You can bypass with anything:
A pill
Exercise
Weight loss
A supplement
A spiritual practice
A cold plunge
A glass of wine
Bypassing says:
“I don’t want to feel this. Make it stop so I can keep doing exactly what I’ve been doing.”
Healing says:
“I’m willing to understand this. I may not like it, but I’m going to let it guide me toward what needs to change.”
Bypassing can use very “healthy” tools:
For example, using meditation only to ignore your body’s cry for rest and boundaries.
Or using supplements to push through burnout instead of actually changing your schedule and demands.
Same tool. Different intention.
Bypassing = avoid the message.
Healing = listen, respond, integrate.
The Patient’s Role: Be Clear About What You Want
This is the part that isn’t talked about enough.
Before you work with any practitioner (including me), ask yourself:
Do I mostly want symptom relief right now?
“I don’t care why it hurts; I just need to get through this week. ”This is honest. Acute care, urgent care, or short-term strategies might be appropriate.
Or am I ready to work on healing?
“I’m tired of cycling through the same issues. I’m willing to look at what my body is actually asking for and make changes.”
Neither is “right” or “wrong”—but they are different goals.
Once you’re clear, then ask:
Is this practitioner aligned with what I’m asking for?
Some clinics are built for quick symptom relief.
Others, like functional medicine or integrative care, are built for longer-term pattern work.
If you hire someone who focuses on whole-system healing but demand a fast pharmaceutical-style “cure,” you will both feel frustrated.
If you hire someone who only does quick fixes when you really need comprehensive support, you’ll feel like you’re on a merry-go-round.
In My World: What You Can Expect from Me
In the Natural Wayz / Solstace universe, my focus is:
Understanding patterns: nervous system, fascia, organs, hormones, gut, energy levels
Using tools like VRA, labs (when needed), physical exam, and history to see how your systems are interacting
Using supplements as corrective tools, not just natural painkillers
Supporting the body with light, heat, mechanical input, nutrition, and lifestyle shifts grounded in physiology and physics
Can I sometimes help symptoms calm down? Yes, and I want you to feel better.

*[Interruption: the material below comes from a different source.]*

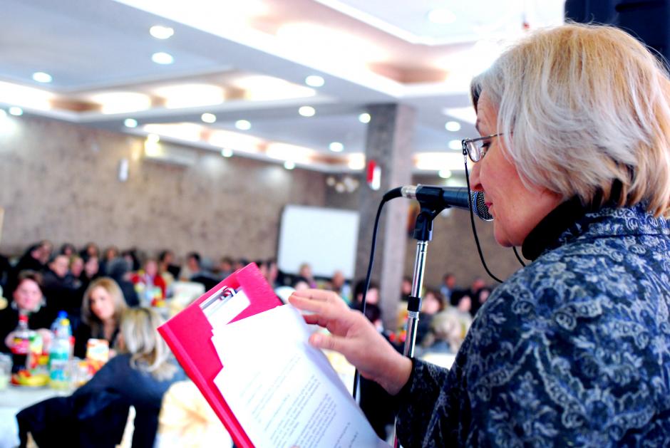 Habibe Haxhimustafa, Co-ordinator of the Municipal Human Rights Unit in Rahovec/Orahovac, welcomes guests to a joint reception with the OSCE Mission in Kosovo and Rahovec/Orahovac municipality to award successful women in various businesses and the public sector on International Women’s Day, Rahovec/Orahovac, 8 March 2012.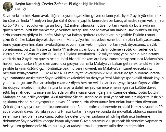 "Sayın vekilim hırsızların avukatlığına soyunmuş,vekilim güven ortamı yok diyor 2 aylık yönetimimiz bu süre zarfında 11 milyon borçlar dahil ödeme yaptık, kimseden bir kuruş almadık Sayın vekilim Bu kulüp 10 yıldır soyulurken şu an borç 1.2 milyar olmuṣken güven ortamı vardı da bu 2 ayda mı güven ortamı bitti biz mahkemeye verince hesap sorunca Malatya'nın hakkını savunurken bu Niye sizin zorunuza gidiyor bu hafta Malatya'ya bakan getirerek tehdit vari bir şekilde Eskinin üstünü çizin önünüze bakın diyerek diyerek mi Malatya'ya hizmet edeceksiniz bu hırsızları kollayacaksanız bunu yapmayın hırsızların avukatlığına soyunmayın vekilim güven ortamı yok diyorsunuz 2 aylık yönetimimiz bu 2 aylık süre zarfında 11 milyon civarı borçlar dahil ödeme yaptık kimseden de bir kuruş almadık Sayın vekilim Bu kulüp 10 yıldır soyulurken 1.2 milyar borç yapılırken güven ortamı vardı da bu 2 ayda mı güven ortamı bitti biz adli makamlara başvurunca hesap sorunca Malatya'nın hakkını savunurken Niye sizin zorunuza gidiyor bu hafta Malatya'ya bakan getirerek tehdit vari bir şekilde Eskinin üstünü çizin önünüze bakın diyerek diyerek mi Malatya'ya hizmet edeceksiniz hırsızları kollayacaksın. MALATYA Cumhuriyet Savcılığının 2025/ 18268 dosya numarası orada aynı zamanda avukatsınız Sayın vekilim vekaletinizi bu dosyaya Yeni Malatyaspor vekili olarak koyun ya da konuşursam Bunlar sokağa çıkamaz diyen hırsızın vekili olarak dosyaya koyun Sayın vekilim bu dosyayı inceleyin naylon fatura kara para dahil her şey var incelemeniz için sizi kulübe davet ettik İnşallah dediniz inceleyin burada bir iftira varsa Kapalı Çarşı'nın üzerinde elinizi öpüp bütün Malatya'da özür dileyeceğim Aksi takdirde Siz de üzerinize düşeni yapacak mısınız diğer talihsiz bir açıklama efsane Malatyaspor'un davası 20 sene sürdü diyorsunuz Ben onları kurtardım diyorsun Çok doğru söylüyorsun beni kurtarmadın ben Beraat ettim o dönemde oradaki Hırsızı savundun 20 ayda bitecek davayı 20 yıla yaydınız Hırsızı kurtarmak için ve bunda da muvaffak oldunuz inanın bu sefer muvaffak olamayacaksınız bütün belgeler bilgiler sağlama alındı İnşallah ucu birilerine dokunmaz Sayın vekilim kongre kararı alıyorum Güven ortamını oluşturacak bir yönetim yapmanızı bekliyorum gelmezseniz bizim hukukçu arkadaşlarımız bu göreve talip devam edecekler"

But my primary commitment is to function and healing, not just symptom erasure.
That means:
I will celebrate your body’s signals instead of declaring war on them.
I will ask what the symptom is pointing to, not just how fast we can silence it.
I will use supplements and therapies like tools to correct and support, not as a “green pharmacy” to swap out one pill for another.
The Takeaway
Symptoms are messengers, not enemies.
Supplements are corrective tools, not magic bullets.
Bypassing is not the same as healing, even when the tools look “healthy.”
You, as the patient, have to be clear about whether you’re asking for immediate relief, true healing, or a blend of both—and hire accordingly.